In families affected by familial adenomatous polyposis, a rare inherited disease characterized by the existence of colon multiples, the risk of developing a desmoid tumor is higher than in the general population and is estimated to be around 10 to 15%. It is associated with mutations in a gene called APC (tumor suppressor gene), involved in this disease.

However, the vast majority of cases of aggressive fibromatosis appear sporadically (without hereditary background). In about 85% of these non-transmissible cases, tumor transformation of cells is then associated with accidental mutations of the gene CTNNB1, causing the modification of a protein which is involved in the control of tumor proliferation called beta-catenin.

Swelling

Desmoid tumors create swelling that is detected on palpation as firm, mobile, sometimes very large “balls” that often adhere to nearby organic structures.

pain

The tumor is painless on its own but can cause severe muscle, abdominal or nerve pain depending on its location.

Functional genes

The compression exerted on neighboring tissues can cause various functional abnormalities. Compression of the nerves can, for example, be the cause of a reduction in the mobility of a limb. The deep forms affect the blood vessels, the intestine or the urinary system, etc.

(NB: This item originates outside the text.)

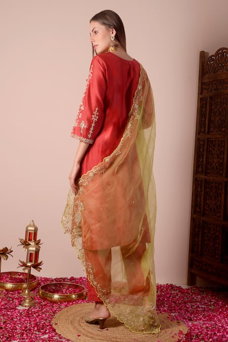 Red Silk, Chanderi, Organza Beads, Zari Round Neck Embroidered Kurta Set

Loss of function of the organ involved is possible.

Some desmoid tumors also have a fever.

There is no standardized therapeutic strategy and it is decided on a case-by-case basis by an expert multidisciplinary team.

Stable desmoid tumors can be painful and require pain treatment. 

Active surveillance

Formerly practiced, surgery is now abandoned in favor of a conservative approach which consists in closely monitoring the evolution of the tumor before imposing a sometimes heavy treatment which would not be necessary.

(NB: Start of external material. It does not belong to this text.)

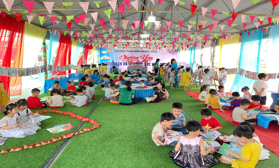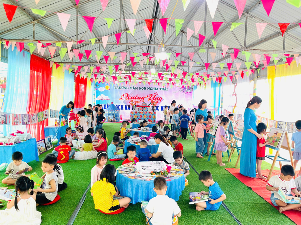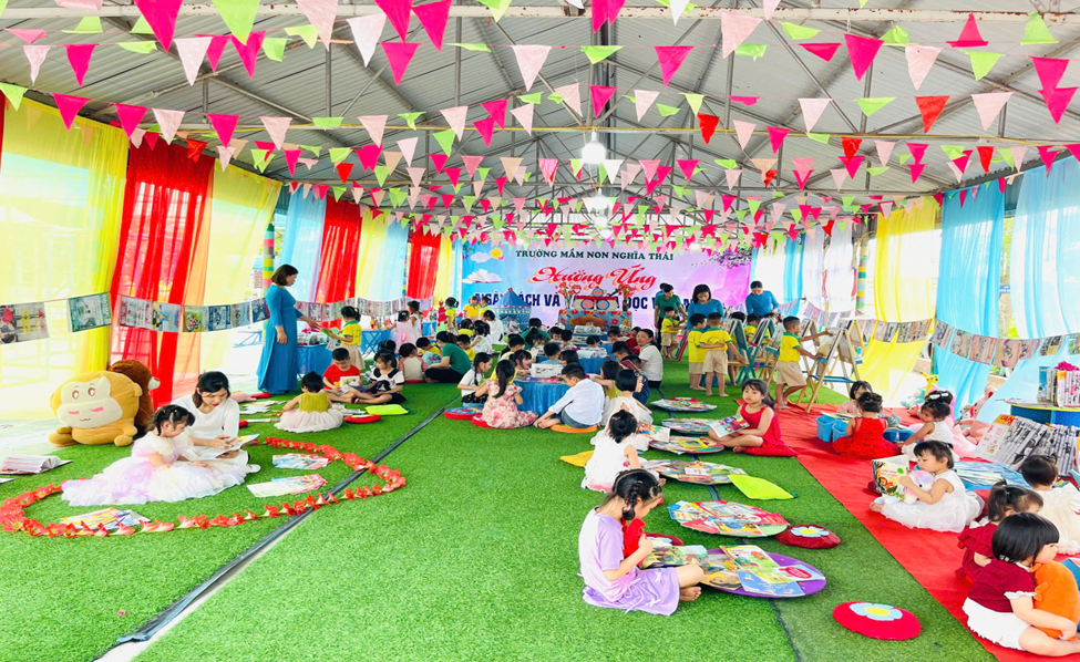 Với mong muốn nuôi dưỡng niềm yêu thích đọc sách cho trẻ ngay từ những năm đầu đời, trường Mầm non xã Nghĩa Thái tổ chức “Ngày hội Văn hóa đọc” dành cho các bé trong toàn trường. Đây là hoạt động ý nghĩa nhằm xây dựng thói quen đọc sách, giúp trẻ làm quen với chữ viết, hình ảnh và ngôn ngữ qua những trang sách sinh động, nhiều màu sắc.

Even when the tumor is stable, pain management may be necessary.

surgery

Complete surgical removal of the desmoid tumor is preferred when it is possible and the extension of the tumor allows it without causing major functional loss (eg amputation of a limb).

Radiotherapy

It can be used to try to make the desmoid tumor regress or stabilize it, in the event of progression, of relapse or to decrease the risk of recurrence after surgery. Due to its harmful effects on growing individuals and is used very little in children. 

Drug treatments

Different molecules have a more or less well established efficiency and are used alone or in combination. In particular, tamoxifen, an active anti-estrogen drug is used when the tumor is sensitive to this female hormone, to non-steroidal anti-inflammatory drugs, to different types of chemotherapy (methotrexate, vinblastine / vinorelbine, pegylated liposomal doxorubicin) or to molecular therapeutics targeted drugs that block tumor growth (imatinib, sorafenib), given as tablets.

Other treatments

• Cryotherapy is applied under general anesthesia to destroy tumors by freezing them in

  – 80 ° C.

• Isolated limb infusion involves infusing high-dose chemotherapy into the affected limb only.

These procedures are only offered in a few expert centers in France.

Evolution

In about 70% of cases, local recurrence of the tumor is observed. The vital prognosis is not engaged, except in the case of complications of the surgery, in particular for abdominal tumors.